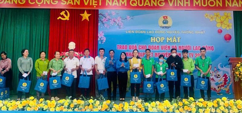 Theo LĐLĐ huyện Thống Nhất, trong dịp tết Nguyên đán năm nay, LĐLĐ huyện đã chăm lo, hỗ trợ quà cho trên 1 ngàn đoàn viên, NLĐ có hoàn cảnh khó khăn thuộc 162 Công đoàn cơ sở và doanh nghiệp trên địa bàn huyện. Hiện toàn huyện Thống Nhất có hơn 9,5 ngàn đoàn viên đang làm việc trong các cơ quan, đơn vị, doanh nghiệp. Thời gian qua tình hình lao động việc làm, chế độ lương thưởng cho NLĐ được doanh nghiệp đảm bảo.
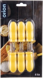 Geniet van maïs op de kolf zonder vieze handen of verbrande vingers. Deze set van zes houders biedt een stevige grip dankzij de geribbelde gele handgrepen en de scherpe twee roestvrijstalen pinnen op elk stuk. Prik ze eenvoudig in beide uiteinden van de kolf en serveer of eet met maximaal comfort.
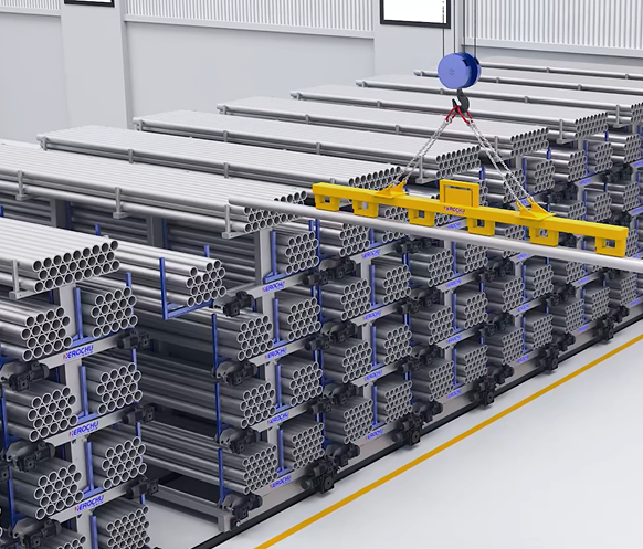 For pipes and tubes, the cantilever arms can be fitted with optional saddles or V-shaped supports that prevent cylindrical goods from rolling. The telescopic action allows a single layer to be extended, meaning the operator can access a specific diameter of pipe without disturbing the bundles above or below it .

# Assignment
All of the data is to be transcribed exactly, with images omitted.

# Task answer
 Theo LĐLĐ huyện Thống Nhất, trong dịp tết Nguyên đán năm nay, LĐLĐ huyện đã chăm lo, hỗ trợ quà cho trên 1 ngàn đoàn viên, NLĐ có hoàn cảnh khó khăn thuộc 162 Công đoàn cơ sở và doanh nghiệp trên địa bàn huyện. Hiện toàn huyện Thống Nhất có hơn 9,5 ngàn đoàn viên đang làm việc trong các cơ quan, đơn vị, doanh nghiệp. Thời gian qua tình hình lao động việc làm, chế độ lương thưởng cho NLĐ được doanh nghiệp đảm bảo.
 Geniet van maïs op de kolf zonder vieze handen of verbrande vingers. Deze set van zes houders biedt een stevige grip dankzij de geribbelde gele handgrepen en de scherpe twee roestvrijstalen pinnen op elk stuk. Prik ze eenvoudig in beide uiteinden van de kolf en serveer of eet met maximaal comfort.
 For pipes and tubes, the cantilever arms can be fitted with optional saddles or V-shaped supports that prevent cylindrical goods from rolling. The telescopic action allows a single layer to be extended, meaning the operator can access a specific diameter of pipe without disturbing the bundles above or below it .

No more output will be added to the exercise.